> WORK TASK: Going through the material below, output exactly the lines from the one containing "Nghệ thuật và" through the one containing "Takamiya, 1girl, grey", and no pictures.

RECORDS PROVIDED Start Marker

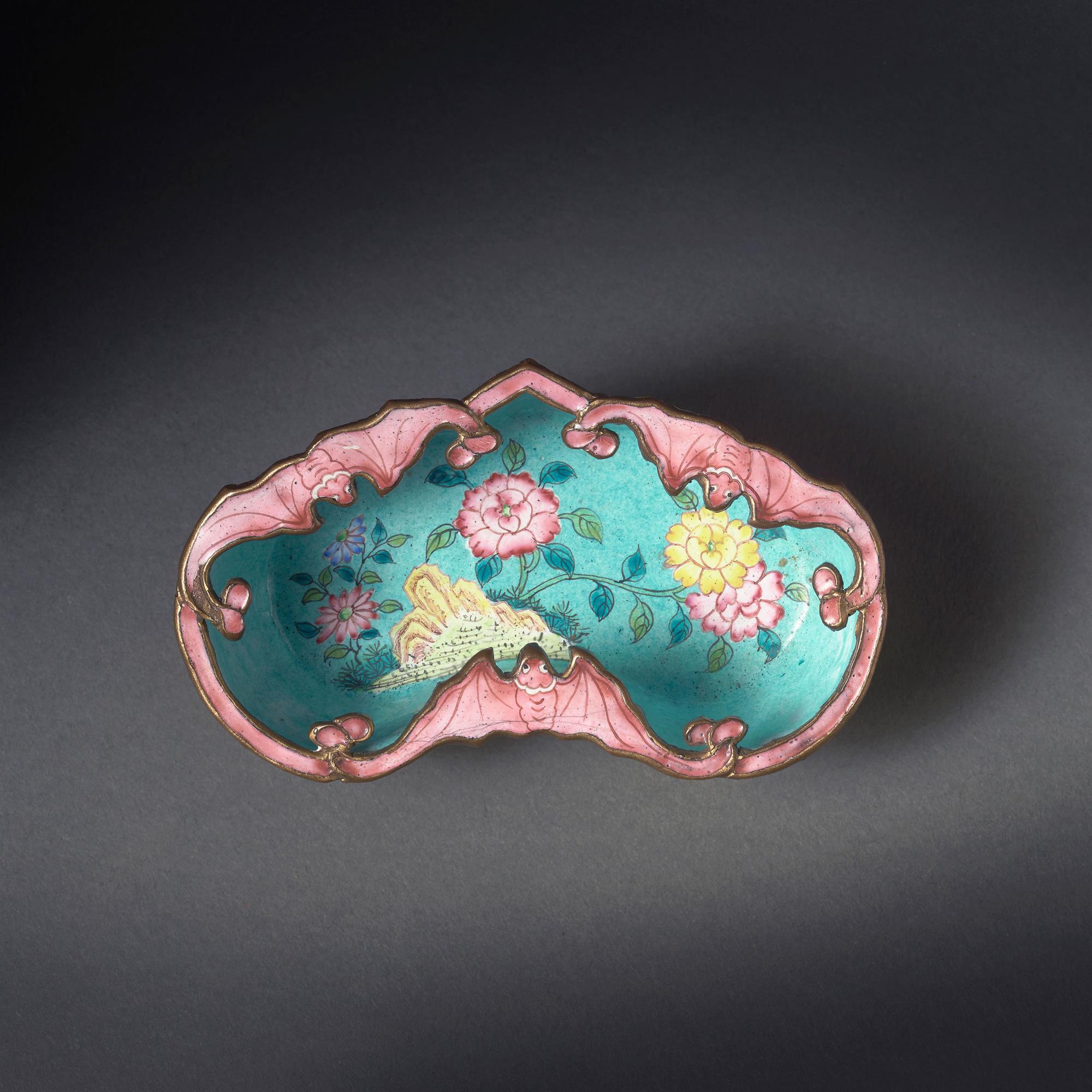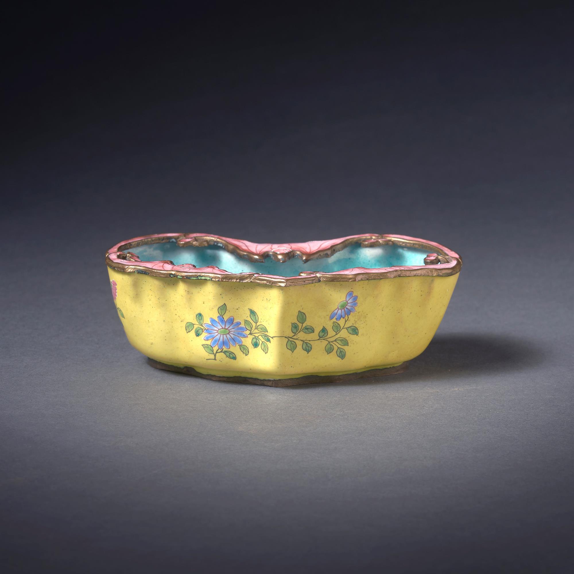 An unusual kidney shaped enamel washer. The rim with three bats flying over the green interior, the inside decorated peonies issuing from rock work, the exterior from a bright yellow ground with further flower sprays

RECORDS PROVIDED End Marker
RECORDS PROVIDED Start Marker

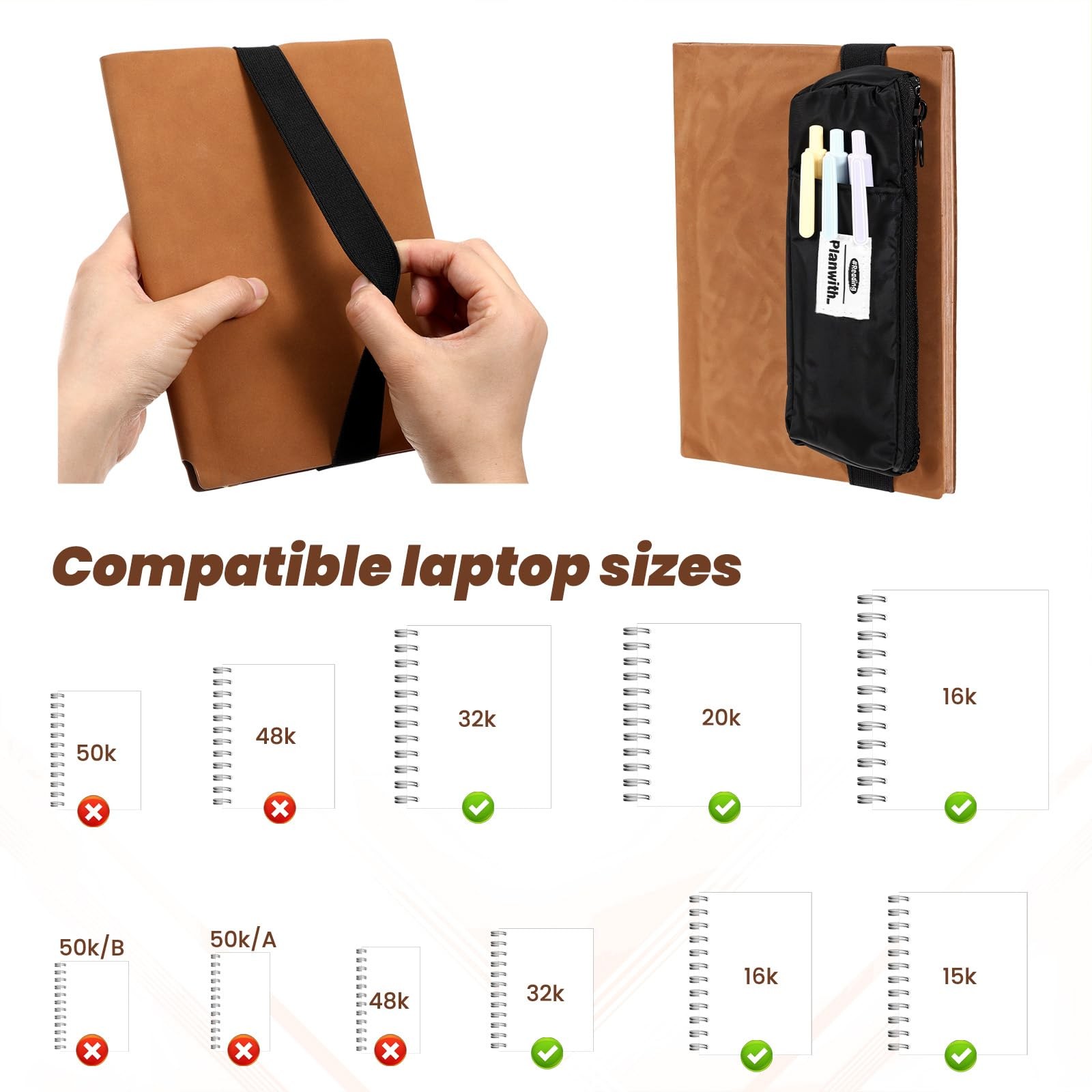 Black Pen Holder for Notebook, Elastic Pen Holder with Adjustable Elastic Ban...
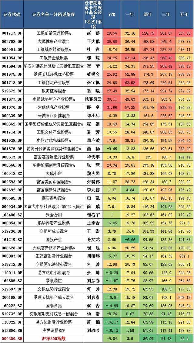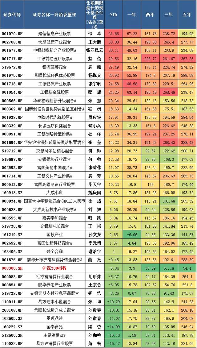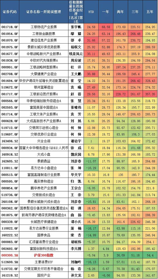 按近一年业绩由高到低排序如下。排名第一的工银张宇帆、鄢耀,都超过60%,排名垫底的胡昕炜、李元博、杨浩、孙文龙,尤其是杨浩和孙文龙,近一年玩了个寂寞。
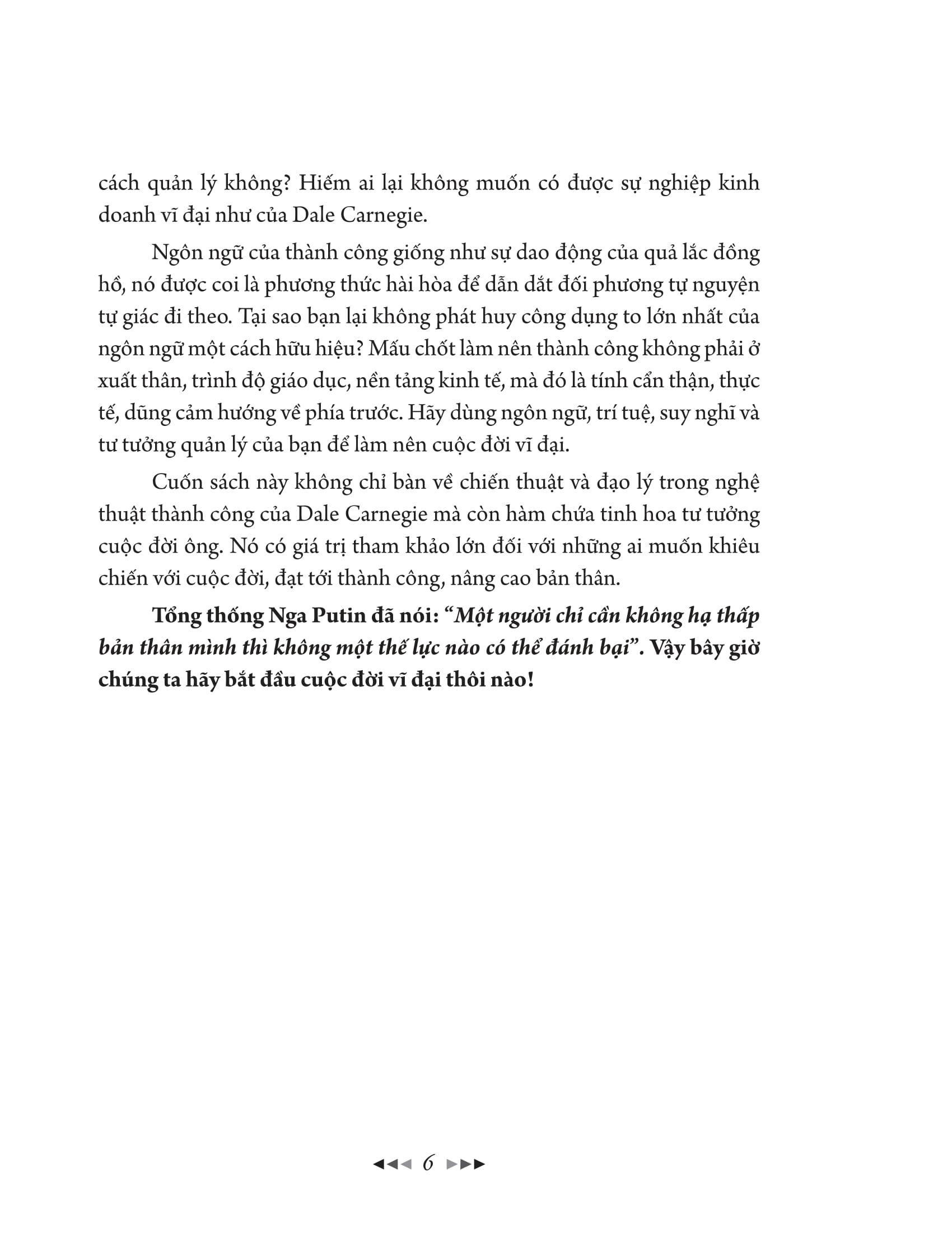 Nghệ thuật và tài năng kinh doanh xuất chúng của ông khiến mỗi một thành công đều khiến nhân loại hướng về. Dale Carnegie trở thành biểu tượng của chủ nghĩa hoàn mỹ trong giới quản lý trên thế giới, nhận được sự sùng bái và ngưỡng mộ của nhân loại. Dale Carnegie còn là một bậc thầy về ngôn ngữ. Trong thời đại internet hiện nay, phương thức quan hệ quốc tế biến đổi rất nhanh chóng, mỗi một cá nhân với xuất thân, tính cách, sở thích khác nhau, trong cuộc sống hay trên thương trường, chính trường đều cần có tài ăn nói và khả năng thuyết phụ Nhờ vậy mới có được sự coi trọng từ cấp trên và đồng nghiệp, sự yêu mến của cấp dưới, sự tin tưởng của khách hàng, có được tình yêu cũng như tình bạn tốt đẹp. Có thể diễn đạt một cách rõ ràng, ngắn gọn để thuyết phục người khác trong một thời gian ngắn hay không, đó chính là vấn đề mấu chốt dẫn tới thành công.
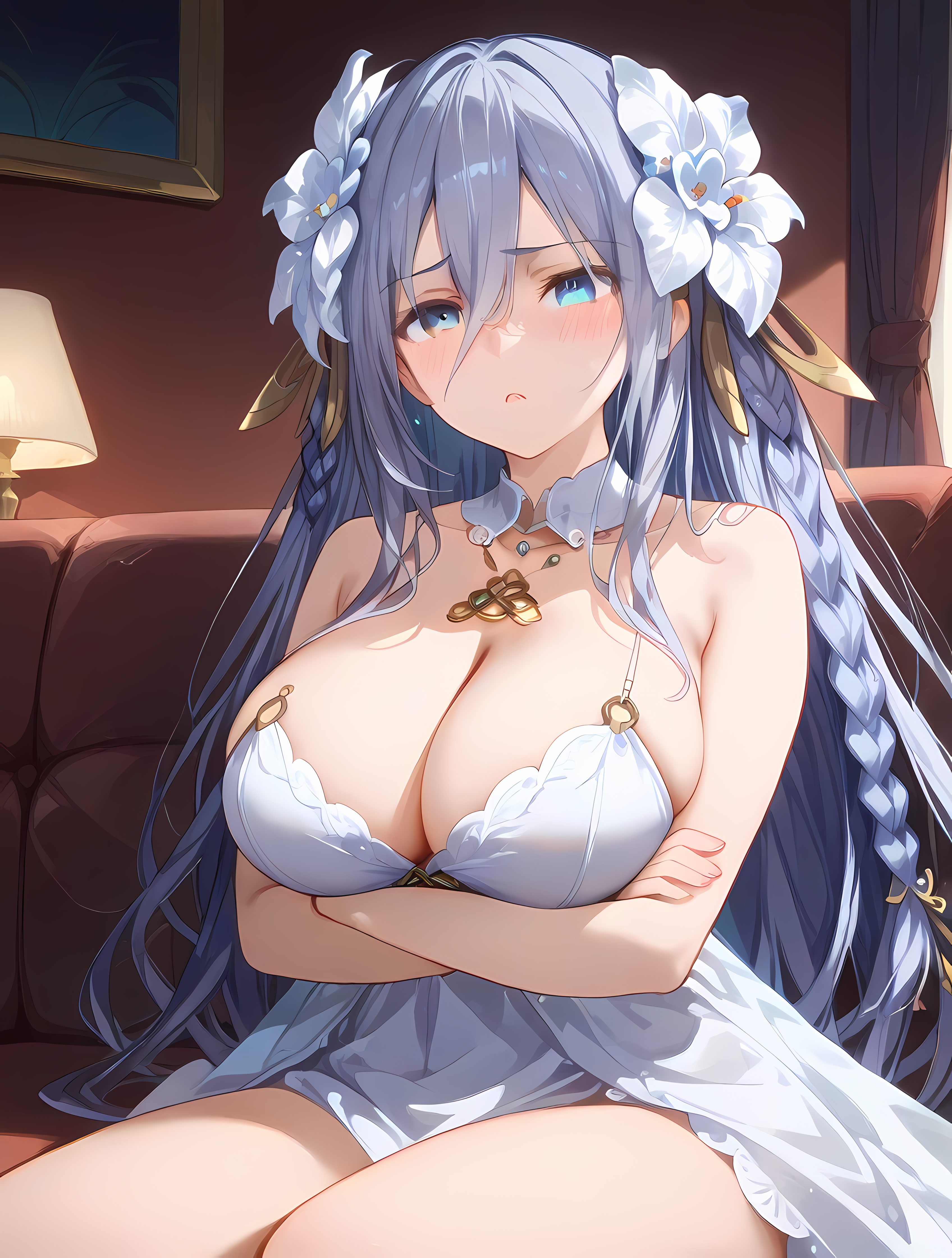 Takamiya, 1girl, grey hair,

RECORDS PROVIDED End Marker

> RESULT:
 Nghệ thuật và tài năng kinh doanh xuất chúng của ông khiến mỗi một thành công đều khiến nhân loại hướng về. Dale Carnegie trở thành biểu tượng của chủ nghĩa hoàn mỹ trong giới quản lý trên thế giới, nhận được sự sùng bái và ngưỡng mộ của nhân loại. Dale Carnegie còn là một bậc thầy về ngôn ngữ. Trong thời đại internet hiện nay, phương thức quan hệ quốc tế biến đổi rất nhanh chóng, mỗi một cá nhân với xuất thân, tính cách, sở thích khác nhau, trong cuộc sống hay trên thương trường, chính trường đều cần có tài ăn nói và khả năng thuyết phụ Nhờ vậy mới có được sự coi trọng từ cấp trên và đồng nghiệp, sự yêu mến của cấp dưới, sự tin tưởng của khách hàng, có được tình yêu cũng như tình bạn tốt đẹp. Có thể diễn đạt một cách rõ ràng, ngắn gọn để thuyết phục người khác trong một thời gian ngắn hay không, đó chính là vấn đề mấu chốt dẫn tới thành công.
 Takamiya, 1girl, grey hair,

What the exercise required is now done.